**Collected material:**
=====

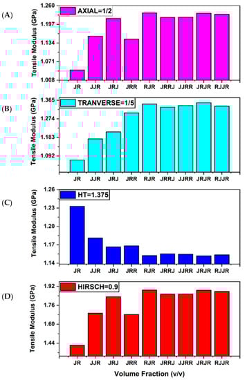 In the literature, the researcher employs various values for empiric value. Giner, Franco, and Vercher (2014) proposed an empirical value of 1.5 for the Halpin–Tsai model in their work []. A practical value of 1.5 is best suited for the random distribution of fibre with a volume fraction ranging from 22% to 55%, which is more realistic than the theoretical square array distribution. The 1.375 empiric value of the Halpin–Tsai model is best suited to the experimental value in the current work.
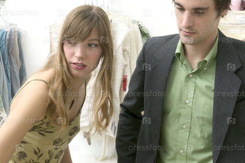 Молодая пара в магазине одежды
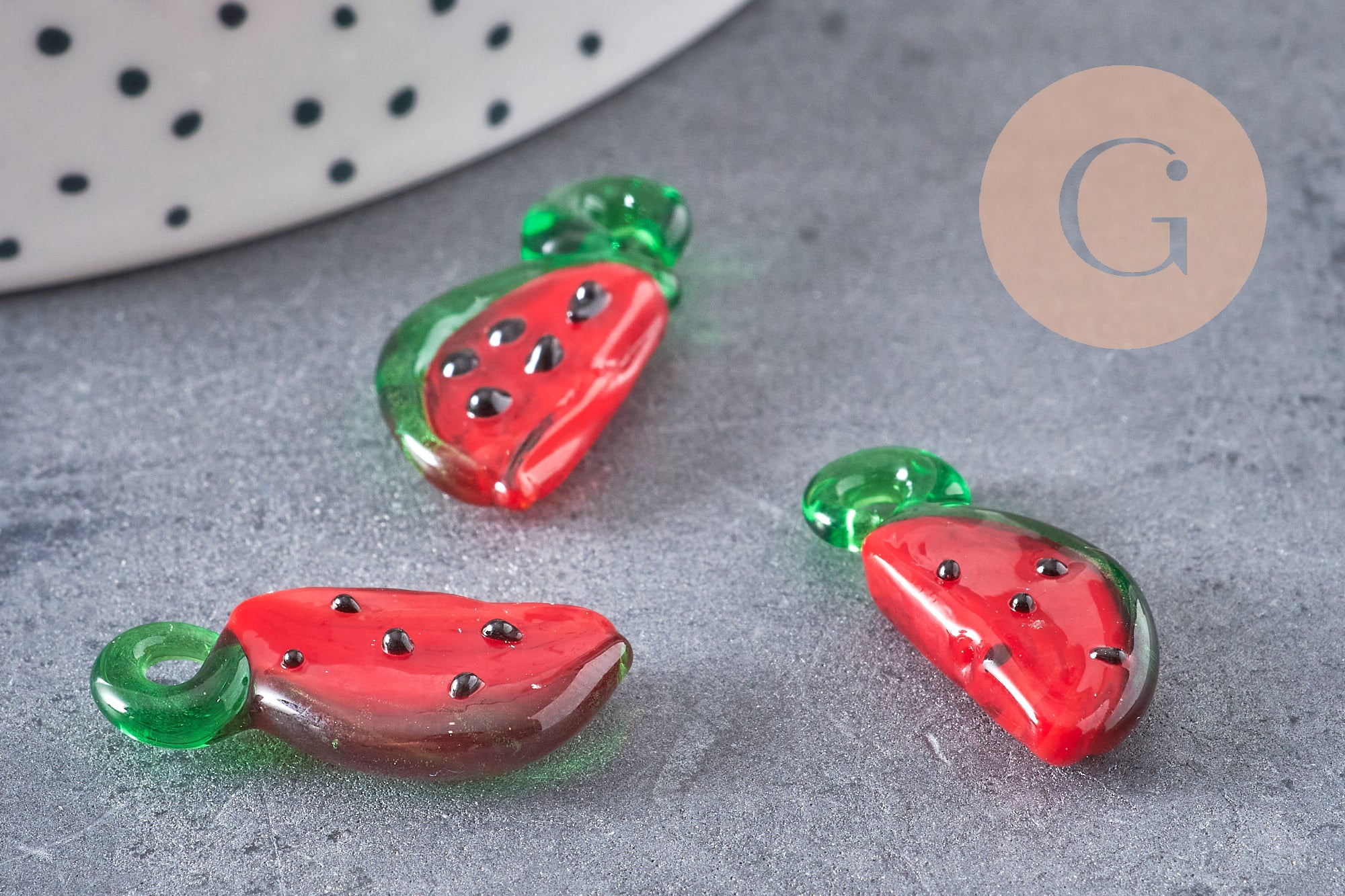 Un pendentif pastèque en verre rouge et vert, à suspendre à vos créoles, colliers et autres accessoires ou bijoux
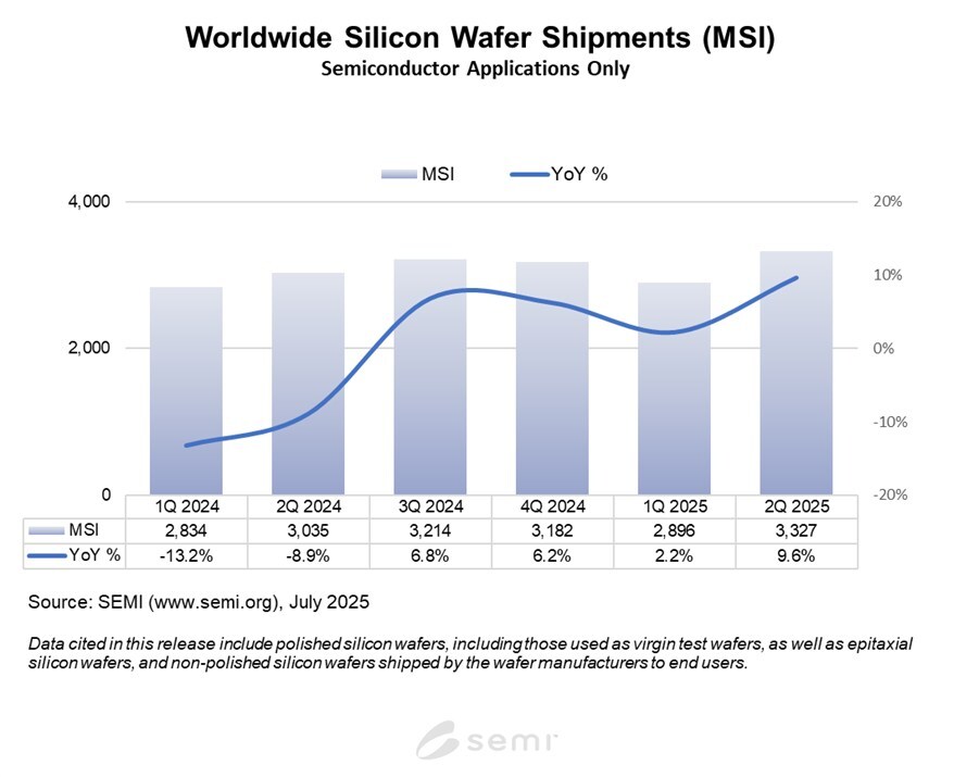 2025年第二季度全球硅晶圆出货量较去年同期增长近10%

=====

**Problem description:**
Omit the pictures, then quote the rest of the material above exactly.

**Exercise answer:**
 In the literature, the researcher employs various values for empiric value. Giner, Franco, and Vercher (2014) proposed an empirical value of 1.5 for the Halpin–Tsai model in their work []. A practical value of 1.5 is best suited for the random distribution of fibre with a volume fraction ranging from 22% to 55%, which is more realistic than the theoretical square array distribution. The 1.375 empiric value of the Halpin–Tsai model is best suited to the experimental value in the current work.
 Молодая пара в магазине одежды
 Un pendentif pastèque en verre rouge et vert, à suspendre à vos créoles, colliers et autres accessoires ou bijoux
 2025年第二季度全球硅晶圆出货量较去年同期增长近10%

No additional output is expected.